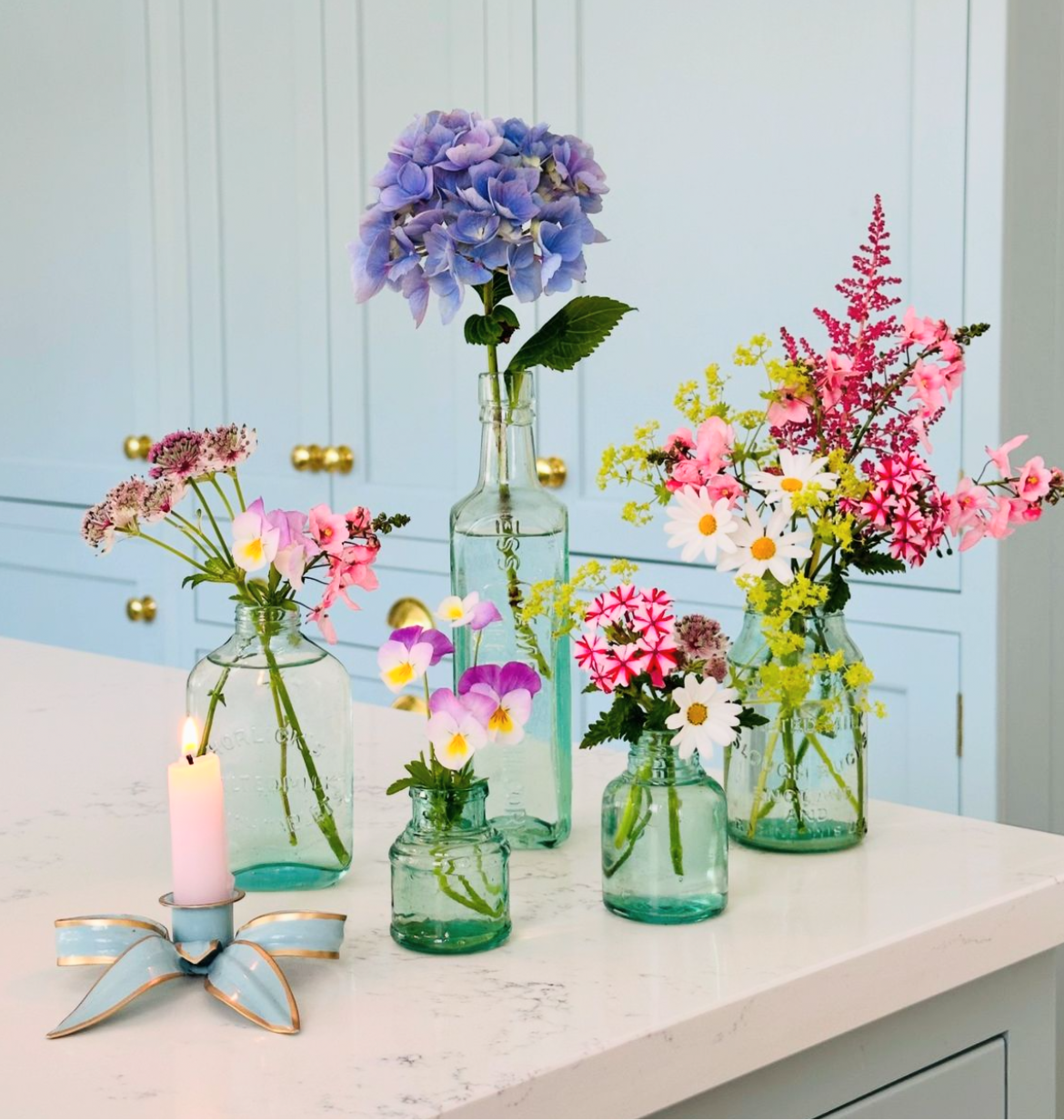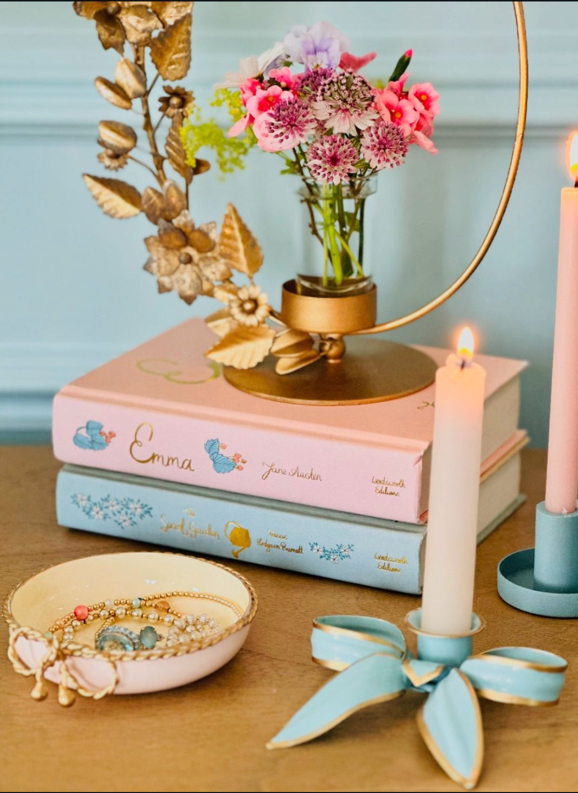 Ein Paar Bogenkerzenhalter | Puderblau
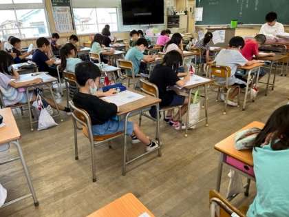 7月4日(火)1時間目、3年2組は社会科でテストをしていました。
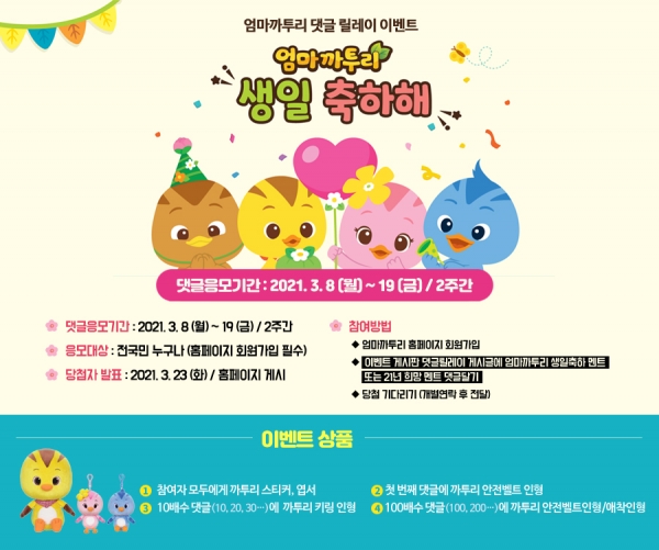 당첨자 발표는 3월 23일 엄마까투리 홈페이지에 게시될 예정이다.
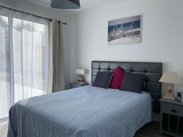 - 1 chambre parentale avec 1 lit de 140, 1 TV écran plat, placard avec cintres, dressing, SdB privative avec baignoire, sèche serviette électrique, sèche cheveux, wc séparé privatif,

## What you have to do
Go back to the line that contains "당첨자 발표는 3월 23일 엄마까투리 홈페이지에 게시될 예정이다." and copy it, along with each line after it through the end of the listing above, exactly and without pictures.

## Task response
 당첨자 발표는 3월 23일 엄마까투리 홈페이지에 게시될 예정이다.
 - 1 chambre parentale avec 1 lit de 140, 1 TV écran plat, placard avec cintres, dressing, SdB privative avec baignoire, sèche serviette électrique, sèche cheveux, wc séparé privatif,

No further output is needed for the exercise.